Kijkwijzer zal een aardig debat opleveren
U kent ze ongetwijfeld: de icoontjes op televisie die ons vertellen met wat voor soort programma we te maken hebben. Zo staat het vuistje voor geweld, het spinnetje voor angst en de voetjes voor sex. Voordat de kijkwijzer in werking trad, is eerst een behoorlijke politieke strijd gevoerd. Binnenkort wordt de kijkwijzer in de Tweede-Kamer geëvalueerd, en ik voorspel u dat dit opnieuw tot een aardig debat zal leiden.
Vóór de kijkwijzer was er de filmkeuring. Dit overheidsinstituut regelde de wettelijke minimumleeftijd voor bioscoopfilms. In de jaren negentig, onder de kabinetten Kok, ontstond echter de roep om aanpassing. De filmkeuring zou te betuttelend zijn en men vond dat de branche voortaan zélf moest kunnen adviseren over het media-aanbod. Daarom is in 2001 onder staatssecretaris Van der Ploeg het Nederlands Instituut voor de Classificatie van Audiovisuele Media (Nicam) opgericht. Dit vanuit de mediabranche opgerichte instituut regelt niet alleen de classificatie van films, maar ook dat van TV-programma’s, computerspelletjes en videofilms.
De uitbreiding van films naar andere media werd alom geprezen, maar het feit dat het Nicam uitgaat van zelfregulering, is nog steeds politiek omstreden. Tegenstanders zeggen namelijk dat dit een slager is die zijn eigen worst keurt. De voorzitter van het Nicam, oud-PvdA minister Hedy d’Ancona, vindt dat geen probleem, want als een slager slechte worst verkoopt, dan weten klanten snel genoeg een andere slager te vinden. Maar dat is geen goede vergelijking, want als een klant ontevreden is over de classificaties van de kijkwijzer, dan kan hij niet naar een andere kijkwijzer even verderop.

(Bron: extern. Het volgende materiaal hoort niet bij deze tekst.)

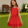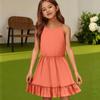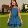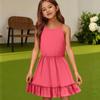 Children's Summer Casual Fashion Round Neck Solid Color Sleeveless Dress

Daarom is een centrale vraag bij het Kamerdebat of de kijkwijzer naar tevredenheid werkt. Toch ben ik bang dat die vraag tot een onvruchtbare welles-nietes discussie zal leiden. Veel mensen zijn tevreden met de icoontjes die zij als nuttige informatie ervaren. Anderen vinden de classificaties echter onzorgvuldig. Zij wijzen op inconsequente adviezen en op classificaties die aantoonbaar lichter zijn dan in het buitenland. Die discussie is onvruchtbaar zolang het systeem uitgaat van zelfregulering: uitsluitend de brancheorganisatie bepaalt immers de classificatie, er zijn geen objectieve criteria en er is ook geen second opinion mogelijk.
Om een eind te maken aan het monopoly van de kijkwijzer, pleiten enkele ouderorganisaties voor de oprichting van een media expertisecentrum. Dit centrum zou naast het Nicam desgevraagd adviezen en voorlichting kunnen geven over het aanbod op televisie. Bij veel ouders bestaat behoefte aan voorlichting over een goede omgang met het overweldigende media aanbod. Ook kan het centrum kijkers begeleiden als zij een klacht willen indienen, iets waar veel mensen nog steeds niet goed van op de hoogte zijn.
Het lijkt mij alleszins redelijk als er naast de kijkwijzer een andere organisatie komt die niet vanuit de branche is opgericht. Enkele jaren geleden is dat voorstel ook al in de Kamer gedaan, maar toen haalde het op enkele stemmen na geen meerderheid. Dat kan echter veranderen, zeker als er in de tussentijd allerlei heftige gebeurtenissen plaatsvinden waardoor veel mensen afstand nemen van de vrijblijvendheid die zo kenmerkend was voor de jaren negentig.